Has anybody here mounted their projector inside their rear soffit? If so did you do anything special to dissipate heat? was heat even a problem?

Am trying to work out if I need to have a plan to reduce the heat around my projector.

Cheers,

Simon


----------



## bpape (Sep 14, 2006)

People do it all the time. If you can get a tap off of your HVAC return in the soffit in the rear, you'll have all the dissipation you need.

Bryan


----------



## raZorTT (Jan 17, 2008)

Hi Bryan,

Unfortunately I don't have any HVAC nearby. Do you think venting it into the roof space would be sufficient?

Cheers,
Simon


----------



## bpape (Sep 14, 2006)

Hi Simon

The only problem is that the attic itself is a hot place during the summer. Only way I'd do that is if I had some sort of trap vent that only allowed one way air flow and a fan to draw air through whenever operating.

Where is your HVAC in your room? Any chance you could just draw air in one end of the soffit and exhaust it out the other end into the room? 

Bryan


----------



## raZorTT (Jan 17, 2008)

Hi Bryan,

Hmm good point!



> Any chance you could just draw air in one end of the soffit and exhaust it out the other end into the room?


If I had an inlet at one end of the rear soffit with pipe connected up to the inlet of the projector and vice versa for the outlet, do you think the fan inside the projector would be enough to push/pull the air?

Cheers,

Simon


----------



## bpape (Sep 14, 2006)

I dunno - kinda doubting it. I'd want at least a small quiet PC fan close to one end pulling air through.

Bryan


----------



## raZorTT (Jan 17, 2008)

Ok thanks Bryan, I'll take that into account.

Cheers,
Simon


----------



## akakillroy (Jul 9, 2008)

I agree with Bryan, the fans in projectors are designed to flow air while the projector is in an open location, it would not be adequate to move air in a confined area. Read the specification and the placement recommendations they will tell you to be sure the unit has adequate ventilation.

Depending on the location, many new projectors have zoom and lens shift if it were me I would avoid placing it in an enclosed space if at all possible. If not them be sure you can get adequate ventilation (air volume) to it or you may have problems, if not certainly the fan in the unit would run at high speed and db, thus shortening the life of the projector and lamp.

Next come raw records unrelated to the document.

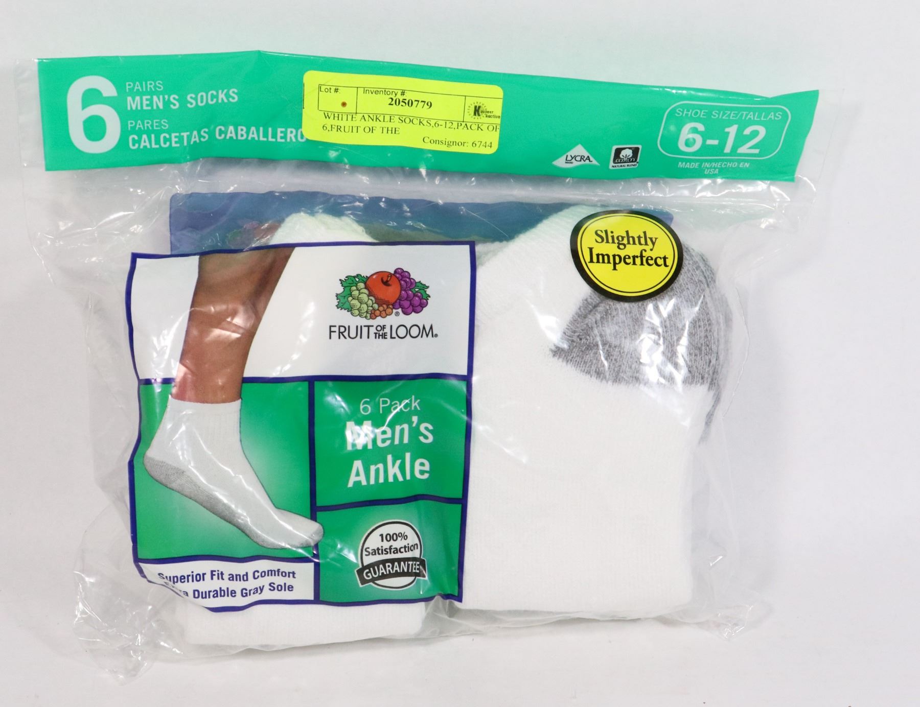 WHITE ANKLE SOCKS,6-12,PACK OF 6,FRUIT OF THE
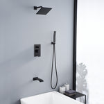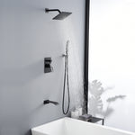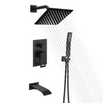 Alle für die Installation erforderlichen Hardwareteile sind im Lieferumfang enthalten. Das Duschpaket beinhaltet: 8-Zoll-Quadrat-Regenbrause, Handbrause, Duscharm, 59-Zoll-Brauseschlauch, Brausebogen mit Halterung, Duschmischer-Steuerventil, Wasserfall-Wannenauslauf.
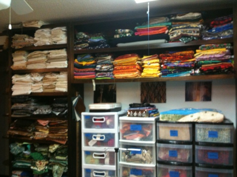 I started with sorting and folding fabrics on the shelves, while sorting out what I don’t use currently and what I won’t use. Fabrics such as novelty and babies I have no use for. Sheers and overlays I’m not using in my work right now. And holiday prints just don’t get used at all, so folding and sorting was started and it looks great:
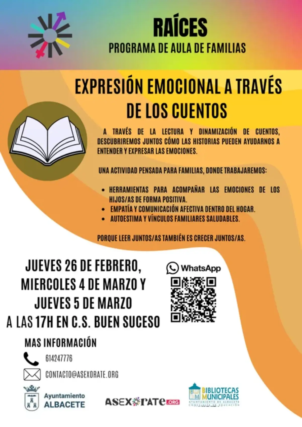 Dentro del Programa de Crianza Positiva y Bienestar Familiar-Raíces se enmarca esta iniciativa que nace como espacio para leer, compartir y crecer en familia. A través de la lectura y la dinamización de cuentos los asistentes aprenderán a acompañar las emociones de forma positiva, fomentar la empatía y la comunicación afectiva y a fortalecer la autoestima y los vínculos familiares.
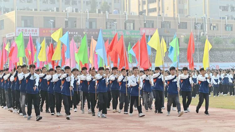 校长罗艳妮致开幕辞。体育强则中国强,国运兴则体育兴。罗校长表示,学校一直以来充分发挥体育在促进人的全面发展中的重要作用,落实立德树人根本任务,培养德智体美劳全面发展的社会主义建设者和接班人。开展运动会既是对学校体育工作、师生体育素质和精神风貌的一次检阅,也是对各参赛单位团队意识、竞争意识、集体荣誉感的一次考核,更是对运动员、教练员身体技能、竞技水平、心理素质的一次考验。
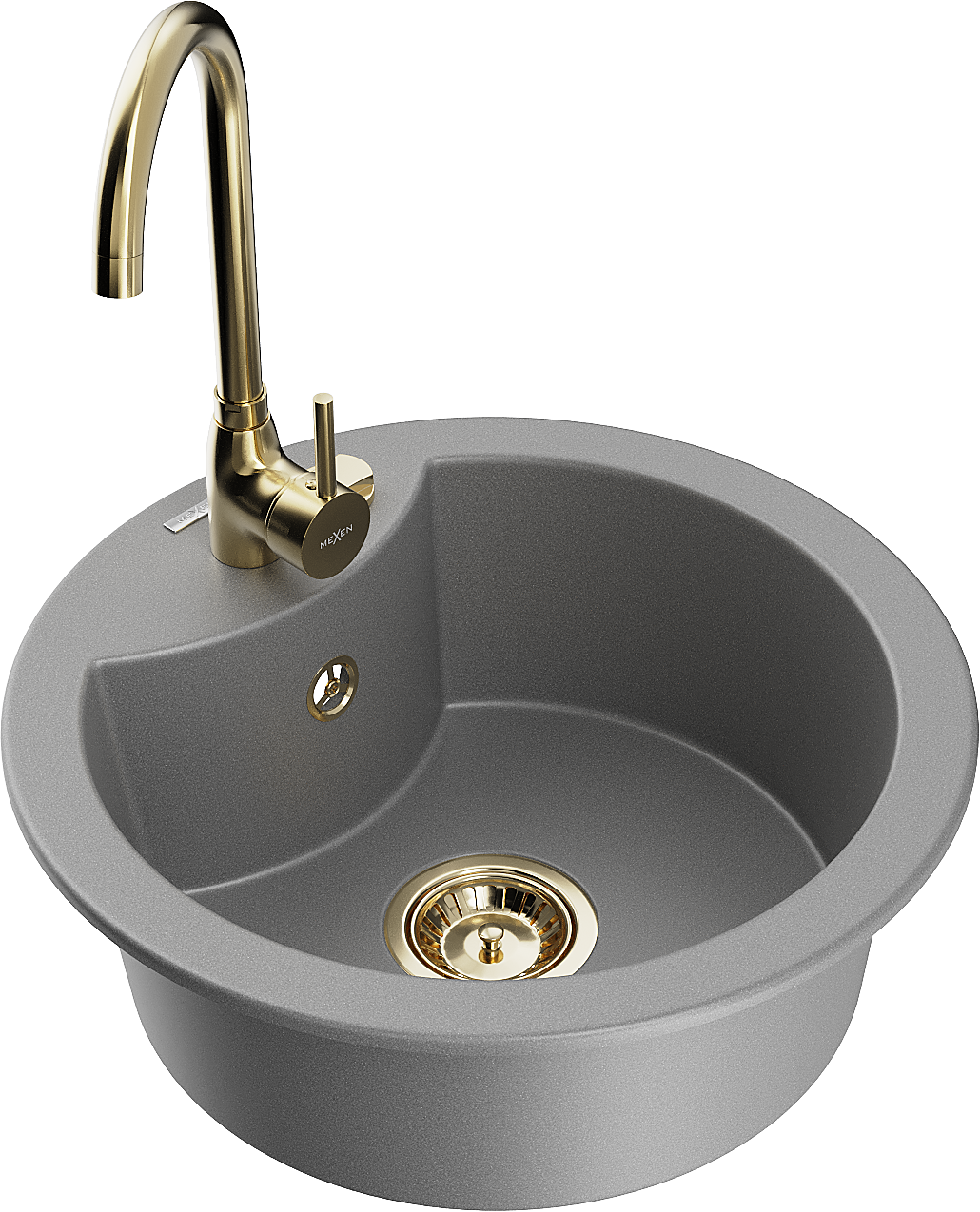 Mexen Diego granit izlietne ar 1 nodalījumu un virtuves jaucējkrānu Telma, pelēka - 6512-71-670200-50
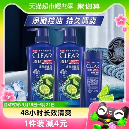 【赠送补充装 200g,到手 59.9 元,88 会员再打 95 折】清扬男士去屑青柠薄荷洗发水 500g×2+100g,专为男士设计,双重去屑成分,提升头皮自身净屑力,清爽控油型:含有薄荷醇、茶树和人参精华,帮助抑制头痒、油腻等问题。

Also remember that you have to have air flow around the projector not just a supply of cool air, it has to exit some where. I almost placed my projector in a soffit and ran the air duct around it placing the projector inside the duct for ventilation but it was going to be too much work to get it to work correctly so initially I decided to mount the projector the ceiling instead, and it worked out great.

Do you have a projector yet, if not what projector are you planning on getting and you can then determine what your options are.

I recently moved my projector Panasonic AX-200 into the wall/rack area because I moved my screen wall. Its all open around the projector so so far I have had no issues with ventilation.


----------



## raZorTT (Jan 17, 2008)

Thanks Carl,

In another thread I started I think Bryan suggested maybe framing the rear soffit and covering with fabric. 
Hopefully this situation would give the illusion that the projector is closed in but still give the benefits of it being in an open area.

At the moment I have a Panasonic PT-AE1000. 

Cheers,

Simon


----------



## raZorTT (Jan 17, 2008)

Out of curiosity, how would you hook up a fan? Can you wire it up with the 12V triggers that are available on amplifiers etc?

Cheers,
Simon


----------



## bpape (Sep 14, 2006)

You can do a couple of different things. You can buy a fan that will work on a dimmer at Radio Shack. You can also do a computer fan running either 5v or 12v and get a transformer wired to a plain light switch.

Bryan


----------



## JCOA (Dec 18, 2007)

You could mount a line voltage stat in the soffit. Hook it up to a fan, and duct it out of the soffit area. Completely automatic, set it and forget about it.


----------



## chadcummings (Apr 26, 2008)

Here is what I purchased to help with the heat. It amounts to 3 120mm quiet fans mounted in a nice plate to mount right into the opening where your return is. The nice thing is that it is thermally controlled and can speed up and slow down as needed.

http://www.coolerguys.com/840556082231.html


----------



## raZorTT (Jan 17, 2008)

Thanks for the link Chad.
Looks like a fantastic little kit!

Cheers,
Simon


----------